= Information shown =
● ● ● ●

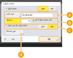 عيّن <استخدام الوكيل> على <تشغيل>، وقم بتكوين الإعدادات اللازمة، واضغط على <موافق>.
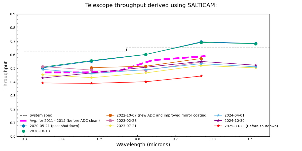 A strategic restoration project (ReSAC) is being developed to fully recover and enhance SALT’s performance. In the interim, proposers are encouraged to factor in the reduced throughput when planning observations. The SALT instrument simulators have been updated to reflect the current throughput and will continue to be maintained accordingly.
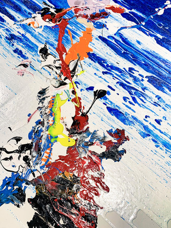 特定の技法・技術やメディウムにとらわれず、平面、立体、映像、アートプロジェクトまで、様々なかたちで展開される藤元の表現は、環境・社会、重力といった、人の力では制御出来ないエネルギーによって起こる現象をモチーフとしています。今回の個展「Diastrophism-地殻変動-」で藤元は、昨今の地震災害や火山噴火のような事象同様、揺るぎないと信じていた我々の価値基盤の揺らぎを物理現象に置き換え作品化します。絵具の流動と風の力を用いて描く極細な線を組み合わせた「Land Slide」シリーズ、絵具のドロッピングをコラージュして重力・時間の不可逆性を無視する「Replacement」シリーズを中心に、時代に反応し作風がアップデートし続ける藤元の最新を知れる平面作品をご紹介します、ぜひご覧ください。
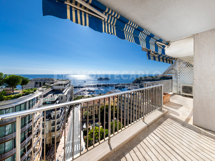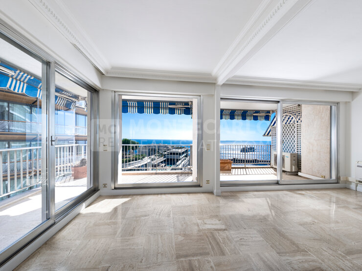 Carré d'Or - Le Sun Tower - 2 pièces Dans un immeuble de standing du Carré d'Or, Bel appartement de 2 pièces situé au 11ème étage. Vue panoramique sur la mer, le port et le rocher de Monaco. Surface totale de 108m². L'appartement se compose de : - Un hall d'entrée, - Un séjour/salle à manger ouvrant sur terrasse, Une chambre avec salle de bain complète, dressing, - Une cuisine équipée, Terrasse Circulaire. Climatisation. Exposition Sud Ouest.

● ● ● ●

= Exercise details =
Reproduce the lines above exactly, image-free.

= Output below =
 عيّن <استخدام الوكيل> على <تشغيل>، وقم بتكوين الإعدادات اللازمة، واضغط على <موافق>.
 A strategic restoration project (ReSAC) is being developed to fully recover and enhance SALT’s performance. In the interim, proposers are encouraged to factor in the reduced throughput when planning observations. The SALT instrument simulators have been updated to reflect the current throughput and will continue to be maintained accordingly.
 特定の技法・技術やメディウムにとらわれず、平面、立体、映像、アートプロジェクトまで、様々なかたちで展開される藤元の表現は、環境・社会、重力といった、人の力では制御出来ないエネルギーによって起こる現象をモチーフとしています。今回の個展「Diastrophism-地殻変動-」で藤元は、昨今の地震災害や火山噴火のような事象同様、揺るぎないと信じていた我々の価値基盤の揺らぎを物理現象に置き換え作品化します。絵具の流動と風の力を用いて描く極細な線を組み合わせた「Land Slide」シリーズ、絵具のドロッピングをコラージュして重力・時間の不可逆性を無視する「Replacement」シリーズを中心に、時代に反応し作風がアップデートし続ける藤元の最新を知れる平面作品をご紹介します、ぜひご覧ください。
 Carré d'Or - Le Sun Tower - 2 pièces Dans un immeuble de standing du Carré d'Or, Bel appartement de 2 pièces situé au 11ème étage. Vue panoramique sur la mer, le port et le rocher de Monaco. Surface totale de 108m². L'appartement se compose de : - Un hall d'entrée, - Un séjour/salle à manger ouvrant sur terrasse, Une chambre avec salle de bain complète, dressing, - Une cuisine équipée, Terrasse Circulaire. Climatisation. Exposition Sud Ouest.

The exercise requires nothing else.